Rock Wagram and The Laughing Matter were notably both about doomed marriages at their breaking point and the tone is grim. In Rock Wagram, he measures the consequence of being an Armenian man who marries a beautiful, blonde, money-hungry Anglo-Saxon actress. The actress is in many ways unreachable to him and he wonders if they are just too different.

An Armenian woman character expresses Saroyan’s thoughts at the time: “To marry a stranger is perhaps an adventure, but the question is, Can the daughter of people who do not understand us be a true wife to one of our sons? Isn't the eye of the stranger's daughter forever out? Is it fitting for one of our sons to marry the daughter of a stranger?” (Rock Wagram). But then Rock’s grandmother says, “When a man takes his woman, she becomes his woman if he is a true man. If he is an Armenian, she becomes an Armenian” (Rock Wagram). Saroyan’s confusion and anger were put to paper during his time in Vegas. He also mentions in the book that to marry an Armenian girl was like marrying a sister, so that wouldn’t do either.

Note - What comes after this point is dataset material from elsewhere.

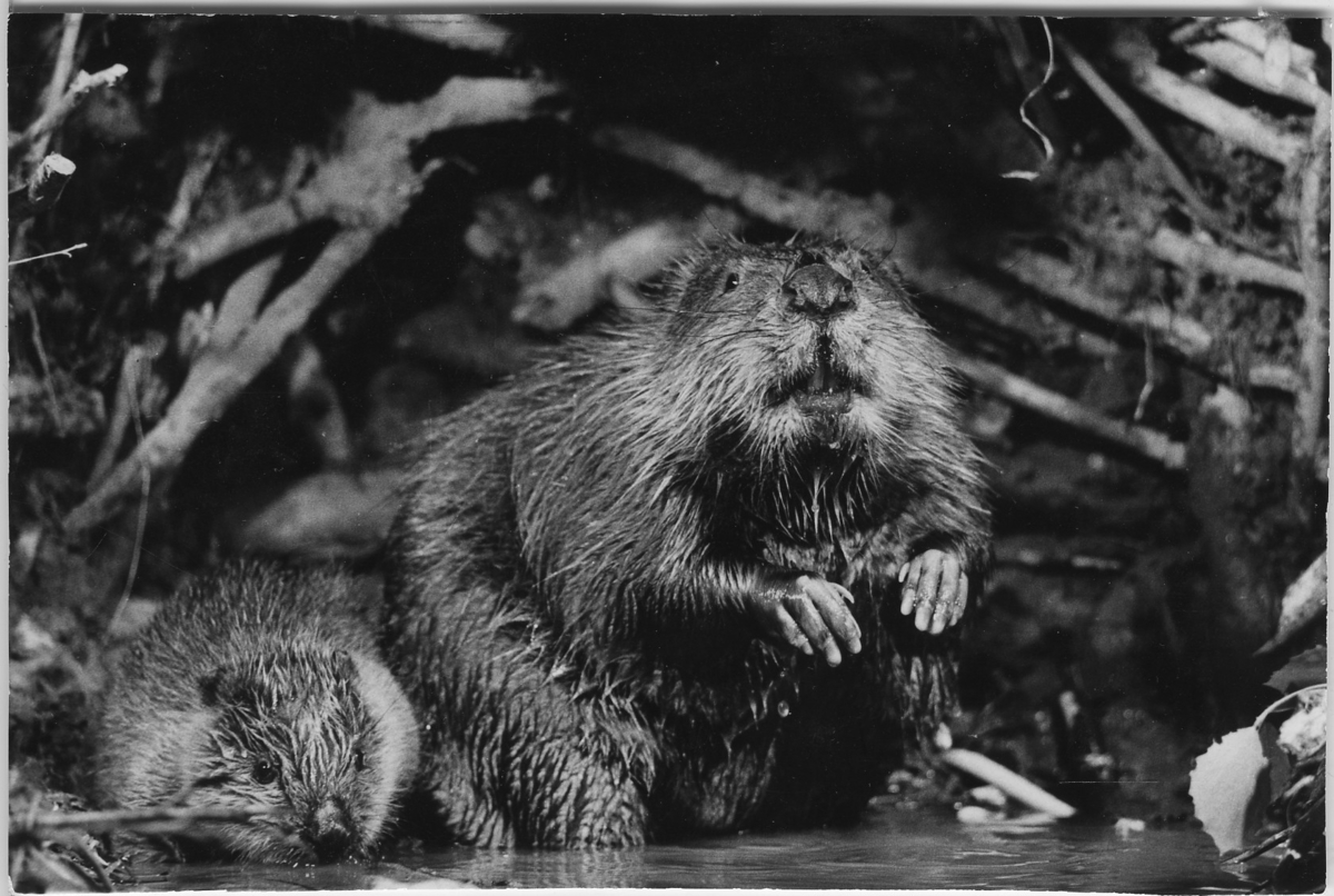 'Närbilder på bävrar som fäller träd. :: :: En bäverhona samt unge invid vatten med rötter bakom dem. :: :: Ingår i serie med fotonr. 5670:1-27.'

As his fiction was mostly semi-autobiographical, it’s not hard to see where Saroyan’s mind was. He was questioning the entire 1940s, when his life shifted completely and in many ways, he felt he had lost his independence and ability to move swiftly, unencumbered, which he had always valued. The character Rock Wagram experiences the unease of being ripped from the comforts of his Fresno family and friends and thrown into the world of Hollywood and New York, where he doesn’t know who to trust and he feels isolated. This was all coming to a head for Saroyan as he began to search for what had gone wrong and when, still angry and inhabiting a dysfunctional sort of love.

Letter George Avakian to WS July 27 1943003Both Rock Wagram and the Laughing Matter also address the early loss of a parent and what it means to try to be a father in a family. Living in Nevada while his family fell away from him in New York, Saroyan wasn’t sure what his role was or should be. Perhaps there was relief at the freedom from the distractions of family life, but there was also guilt at not being able to rise to the role that he had wanted all his life, to be a father and create a legacy. Possibly the most significant line from the Laughing Matter that scholars focus on is, “The family is all there is. Fool with the family and you've finished everything.”

After the six weeks residence in Nevada, the plan was to go back to Europe, but Saroyan became laden with gambling debts and missed payments to Carol. This is what kicked off a dismal decade in the 1950s, emotionally, financially, and professionally. But with the bad choices came a burgeoning introspection that would lead to a burst of vulnerable, analytical memoirs in the 1960s and 70s.